In der Ausstellung „Spandau Prison“ auf der Zitadelle Spandau sind ab sofort und noch bis zum 17.5.2026 Dinge zu sehen, die es eigentlich nicht geben dürfte: Private Besitztümer von Rudolf Hess, Gebrauchsgegenstände sowie heimlich fotografierte Innenaufnahmen aus dem Kriegsverbrechergefängnis werden erstmals der Öffentlichkeit präsentiert.

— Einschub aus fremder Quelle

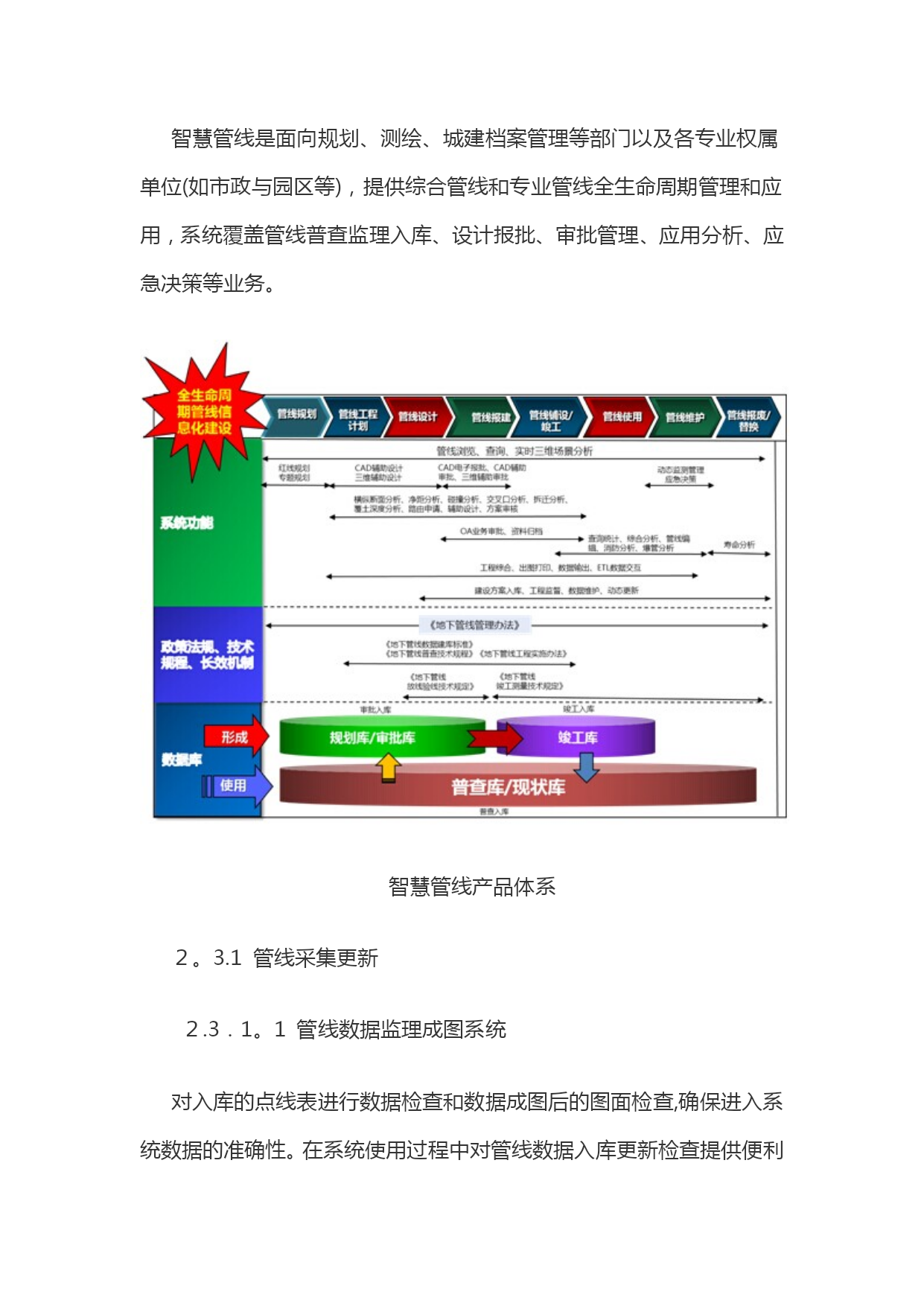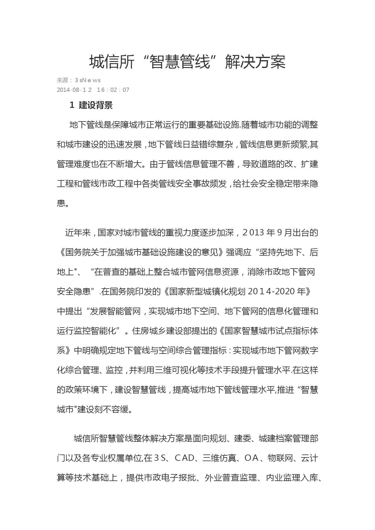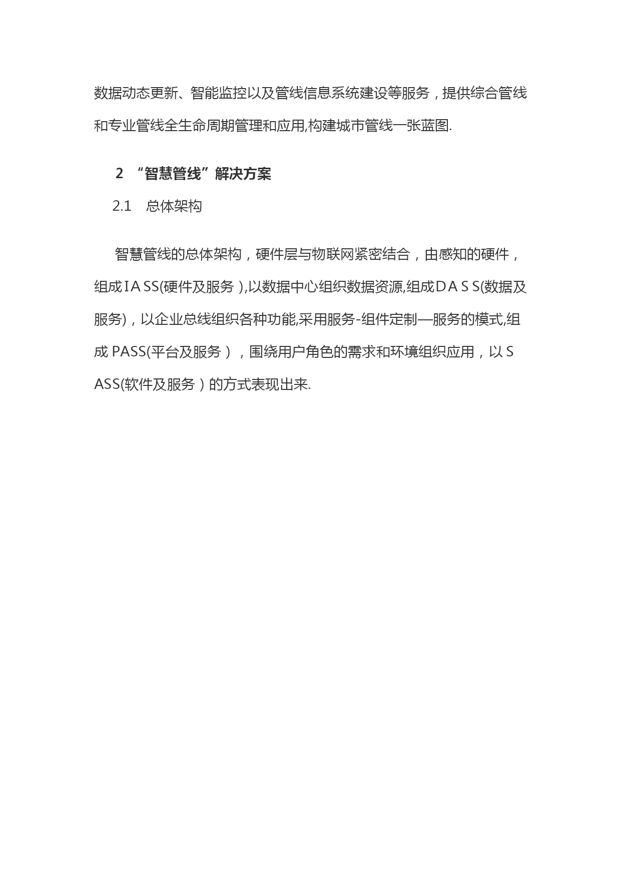 城市运营管理中心解决方案(完整资料)(可以直接使用,可编辑优秀版资料,欢迎下载)城市运营管理中心解决方案一.引言目前国内智慧城市建设如火如荼,众多城市智慧城市建设由顶层设计转向实质推进阶段,智慧城市的建设带来了数据爆炸式增长,数据就像人类的血液一样遍布智能交通、智慧城管、智慧社管、智慧医疗等各个领域,但由于领域划分限制,这些系统无法做到互联互通,造成大量信息孤岛,大量数据分散无法有效利用。城市运营中心意在解决这一问题,通过各领域数据进行汇聚、分类、重组,分析等一系列智慧化操作,从而来整合分析跨系统、跨行业、跨部门的海量数据形成多组知识视图,将特定的知识视图应用于特定的行业和特定的解决方案,来更好的支撑整个城市经济民生社会的发展。二。解决方案城市运营管理中心(COC)是智慧城市运行的核心部分,是智慧城市体系中面向城市运营管理领域的综合性应用平台。它通过实时的数据采集与有效的数据整合,建立完善、齐全的城市信息资源数据库;通过移动终端、大屏幕及PC桌面等多种终端,使城市各级领导者能够随时、随地、及时、便捷的掌握所需的城市运行相关的各项信息;通过各种集成技术,实现视频监控、传感网络与业务系统的智能协同,达到城市运行管理事件从自动发现告警到协同业务系统完成处理的全过程管理与控制,支撑智慧城市各部门、各系统建立快速、高效的联动协同机制;依托城市信息资源数据库,建立城市运营管理分析决策模型,分析、挖掘城市运营管理领域的内在规律、发展趋势,为城市领导者提供智能决策。城市运营管理中心是城市公共信息资源池,通过交换共享从各个离散的业务系统中获取人口、法人、地理空间、宏观经济以及业务数据,通过数据比对、清洗、加工、关联等技术,最终形成公共基础数据库、公共业务数据库和公共服务数据库三大数据库,同时平台以统一接口方式为城市各类智慧应用提供数据支撑。城市运营管理中心是城市管理者的决策分析平台,为城市管理者提供一个全面、动态的城市运行仪表盘,管理者可以清晰直观了解城市运行情况,通过逐层钻取可以进一步了解各个领域的运行指标.同时,平台提供了历史数据对比分析,通过比如同比、环比等图表可以看出城市运行动态变化过程。另外,通过不同区域的横向对比,可以发现不同区域城市运行特点和规律。而且这些分析结果可以直接展现在地图上,让管理者有更好的使用体验。城市运营管理中心是城市应急指挥平台,平台通过数据的动态采集抽取,整合分析,实时发现城市运行问题,针对各部门对问题的责任级别协调相关部门调整处理进度,在发生重大应急事件发生时,可作为城市应急监控和调度中心协调不同资源、利用GIS地图、视频、人工数据等实时监控处置进度、便于领导对重大事项做出决策。城市运营管理中心是智慧城市建设成果最好的展示平台,他汇聚了全市智慧应用的数据成果,通过大屏幕展示系统,结合空间地理信息技术,利用城市运营数据展示城市经济民生成果,基于二维、三维、实景影像、视频影像等综合展示城市面貌,彰显智慧城市建设成果。三。产品特点:成熟的技术和实用的模型分领域、多维度的内容展现综合性管理指标体系及维度智慧应用信息数据,智慧分析与回应大屏幕、PC、手持终端多种终端的实时综合展现符合住建部《智慧城市公共信息平台建设指南》标准四.应用与效益主要应用:城市公共信息服务平台,城市管理者决策分析平台。城市运营管理中心(COC)作为智慧城市中枢平台实现了对各个城市业务部门和业务系统的界面集成、数据集成、服务集成、流程集成,以及在此基础上实现了城市全面数据综合分析呈现、多部门智能业务协同和城市管理综合智能分析,为城市管理者提供决策支撑。城市运营管理中心(COC)的建设实现了城市公共信息的扁平化。以往,对于身处政府机关各级领导而言,基层管理是一个“黑匣子”,只有具体办事人员才了解最真实的情况,信息上达不易,政令下达不畅.要维系整个城市的良好运行,只能靠领导的非凡洞见,或者依赖于每个人的内心操守。而城市公共信息服务平台则能很好的解决这一问题,将宏观概况与微观运作实时呈现在领导者面前,各种数据任其调取,真正实现“运筹于帷幄之中,决胜于千里之外”,通过对综合数据的分析研判,能够大大的优化城市管理各领域业务,提升城市整体运营管理水平。城信所“智慧管线”解决方案来源:3sNews2014-08-1216:02:071建设背景地下管线是保障城市正常运行的重要基础设施.随着城市功能的调整和城市建设的迅速发展,地下管线日益错综复杂,管线信息更新频繁,其管理难度也在不断增大。由于管线信息管理不善,导致道路的改、扩建工程和管线市政工程中各类管线安全事故频发,给社会安全稳定带来隐患。近年来,国家对城市管线的重视力度逐步加深,2013年9月出台的《国务院关于加强城市基础设施建设的意见》强调应“坚持先地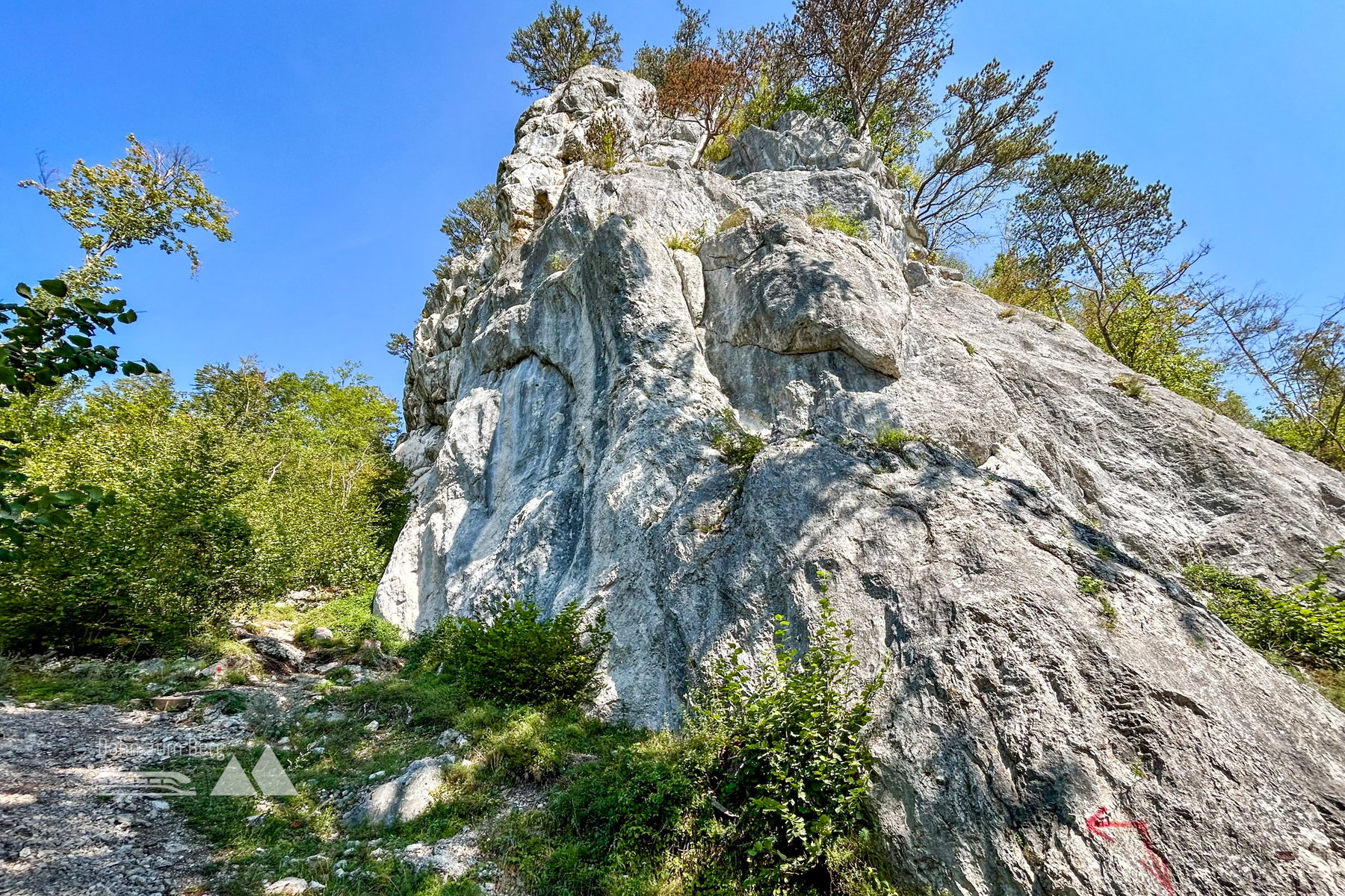 Der Wanderweg führt mich weiter durch den Wald zu einer großen Wiese mit Rastplatz. Hier zweigt der Pfad zum Gipfel des Haussteins ab. Sein Gipfelkreuz steht auf einem pittoresken Kalkfelsen, der aus dem Föhrenwald herausragt. Schon die Kelten, die den Hausstein als „Schutzberg“ erkannten, wählten ihn als eine der vordersten Bastionen gegen die im Tiefland ansässigen Römer. Neben dem Gipfelkreuz finde ich eine Panoramakarte und genieße den schönen Blick ins Tal und in die Berglandschaft ringsum.

Nach dem Suizid von Rudolf Hess 1987 wurde das Kriegsverbrechergefängnis dem Erdboden gleichgemacht, um einen (Neo-) Nazi-Wallfahrtsort zu verhindern. Auch persönliche Gegenstände des letzten Insassen sollten möglichst vernichtet oder ausschließlich der Familie übergeben werden. Doch ist der Handel mit Relikten des Alliiertengefängnisses seit Jahrzehnten ungebrochen. So konnte das Militärhistorische Museum der Bundeswehr in Dresden vor einiger Zeit ein Konvolut von nun nachgewiesenermaßen originalen Gegenständen übernehmen.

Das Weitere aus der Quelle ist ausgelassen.